Probably end all of it it will be a massive win for 2A


----------



## robobobo (Jan 21, 2022)

Just about none of those gun control laws actually passed in the first place.  There was so much pushback that the majority got shelved and never came back.


----------



## Josterman (Jan 22, 2022)

robobobo said:


> Just about none of those gun control laws actually passed in the first place.  There was so much pushback that the majority got shelved and never came back.


the protest was massive


----------



## z0mb0 (Jan 23, 2022)

Josterman said:


> the protest was massive


And entirely peaceful.


----------



## Josterman (Jan 23, 2022)

z0mb0 said:


> And entirely peaceful.


Sure was and not peaceful by the left standards ie lighting fires and riots


----------



## z0mb0 (Jan 23, 2022)

Josterman said:


> Sure was and not peaceful by the left standards ie lighting fires and riots


of course. there was a bunch of armed people there from the area. what kind of moron would try something with those caveats. Hell a terrorist tried to do something there iirc and he was id'd then apprehended no issue.


----------



## Josterman (Jan 23, 2022)

z0mb0 said:


> of course. there was a bunch of armed people there from the area. what kind of moron would try something with those caveats. Hell a terrorist tried to do something there iirc and he was id'd then apprehended no issue.

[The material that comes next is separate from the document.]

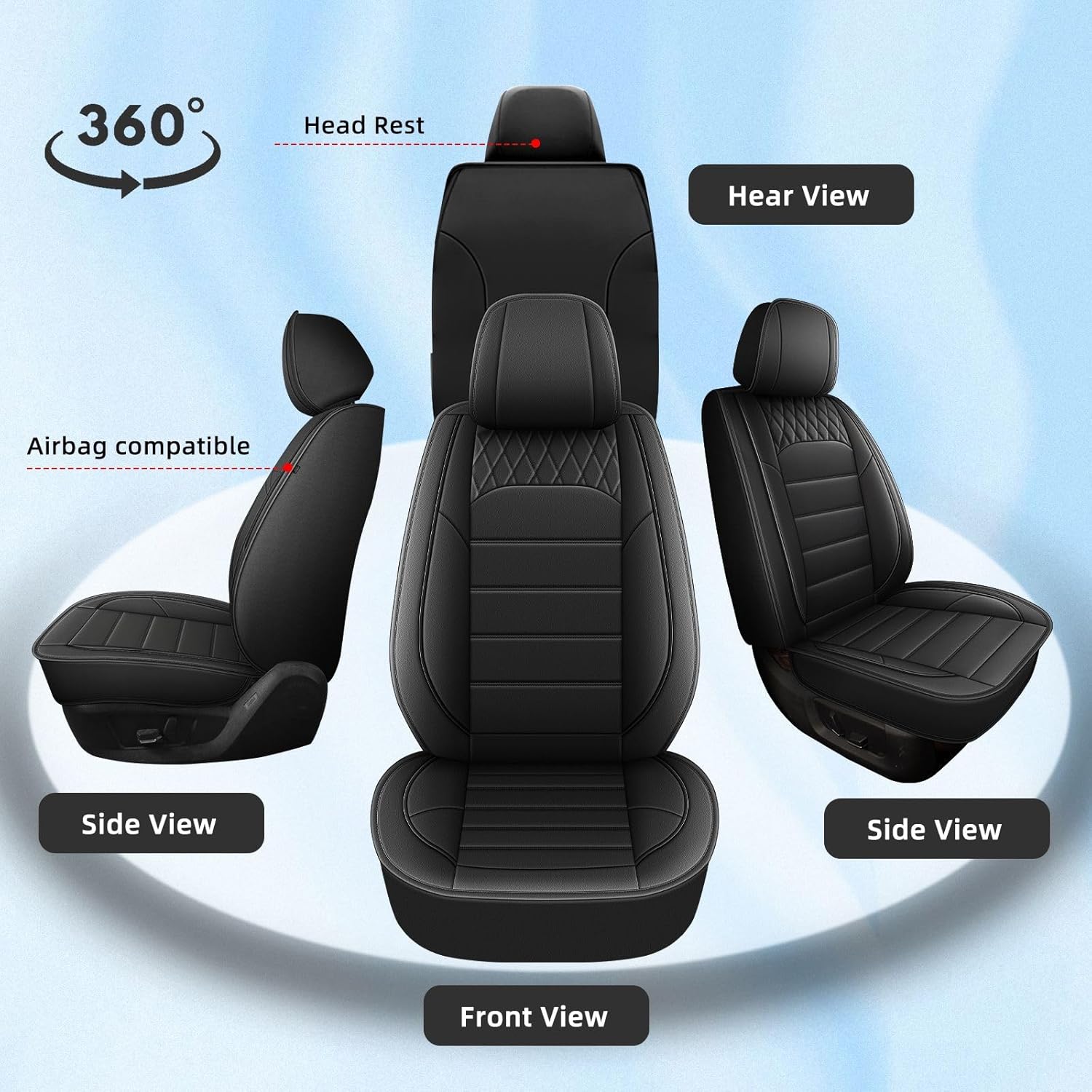Car Seat Covers Fit for Ford Bronco Sport 2021-2024 2025 Full Set Faux Leather Automotive Seat Covers Waterproof Car Seat Cushion Protector Compatible with Airbag(5 Seats, Black)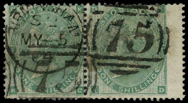 1862 1s Green Pl.2. Fine used horizontal pair lettered KC-KD cancelled by Birmingham ’75’ duplexes for MY.5.1864, Right hand stamp KD showing ‘K in white circle’ variety. Some manuscript offset on reverse nevertheless a very presentable example of this difficult variety. SG90a. Cat. £2750.

Armed society minus the ones not right in the head is polite one


----------



## Back me up! (Jan 24, 2022)

If you guys want to see HOW Virginia went  red the Virginia Project is hosting a discussion and review of getting a candidate in every position possible on Feb 2th.



			https://twitter.com/ProjectVirginia/status/1485624012281688067?t=5Li8j2eW3qNYQDRDxs2_xQ&s=19
		


In the past they have done videos on how to be a poll watcher and how to report possible fraud.


----------



## Trianon (Jan 25, 2022)

Today was the day Youngkin's order to stop forced masking went into effect. Several of the most populated school districts outright refused and separated any kid who wouldn't wear a mask and made them learn virtually. 

Youngkin is asking people to follow their principals' decisions until the case can be resolved in the state Supreme Court, hopefully this week.

But today a lone Democrat senator, Chap Peterson, said he was game to legislate mask bans if the EO is ruled unconstitutional. He represents Fairfax, the source of every evil lib thing.

Meaning, in the space of a week, the GOP has cracked the state Senate and can pass legislation. They only need one Democrat to defect. And it's notable that Peterson could just let the justification for mask mandates expire in August as it's meant to, but he wants to go on record as getting rid of mandates. There's not even a state election this fall. Also, Peterson helped write the bill to force Virginia schools to be in-person back in 2021, and the Fairfax Dems already hate him for that.





Link


----------



## Kane Lives (Jan 25, 2022)

Trianon said:


> Today was the day Youngkin's order to stop forced masking went into effect. Several of the most populated school districts outright refused and separated any kid who wouldn't wear a mask and made them learn virtually.
> 
> Youngkin is asking people to follow their principals' decisions until the case can be resolved in the state Supreme Court, hopefully this week.
> 
> ...


I wonder just bad their internal polling really is for him to be cucking openly like that to Youngkin.

Biden certainly isn't helping his party at this stage.


----------



## Back me up! (Jan 25, 2022)

What is is even funnier/stupider is that TODAY (1/25/2022) is Fairfax first day back in person under the new EO. For the past months or so Fairfax has not had full day in person for a while so that VA Senator must be feeling the heat from parents.


----------



## Super-Chevy454 (Jan 25, 2022)

Meanwhile there's still a stubborn superintendent who still wants to wear mask against the new governor policies.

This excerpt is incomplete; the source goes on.